Tesseract is an ambitious work by choreographic duo Rashaun Mitchell and Silas Riener (former Merce Cunningham Dance Company dancers), together with pioneering video artist Charles Atlas (who was a long term collaborator of Merce Cunningham). Inspired by science fiction and time travel, and experimental in form and technique, it is rich in psychedelic, potent, disorientating and hypnotic images.

Journalists please note: there is an opportunity to see Tesseract in the US in November prior to the Barbican performances. Please contact the Barbican’s Communications Office for more details.

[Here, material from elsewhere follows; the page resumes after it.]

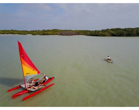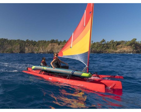 Navigating has never seemed so easy. When the wind blows, the Tandem Island flies over the water with its large, easy-to-maneuver sail.

Tesseract is part of Life Rewired: a season exploring what it means to be human when technology is changing everything.

Tickets for Tesseract are on sale.


Internationaal Theater Amsterdam (Toneelgroep Amsterdam) – Medea
Wednesday 6–Saturday 9 March 2019, Barbican Theatre
Press night: Wednesday 6 March 2019, 7.45pm

Simon Stone finds a contemporary reality for this masterful retelling of Euripides’ Medea.

After involuntary confinement in a psychiatric hospital, Anna, once a successful doctor, is determined to put things right. Willing to forgive her husband’s affair with a younger woman, she wants a fresh start with him and their children. But he has different plans. Sidelined and in danger of losing everything, she is driven into a corner and sees only one way out.

Marieke Heebink, seen at the Barbican in Toneelgroep’s astonishing Persona last year, won the Dutch acting award, the Theo d’Or, for her role as Medea. Coupled with incomparable performances by the ensemble, magnified at times by live video, audiences are turned into complicit witnesses.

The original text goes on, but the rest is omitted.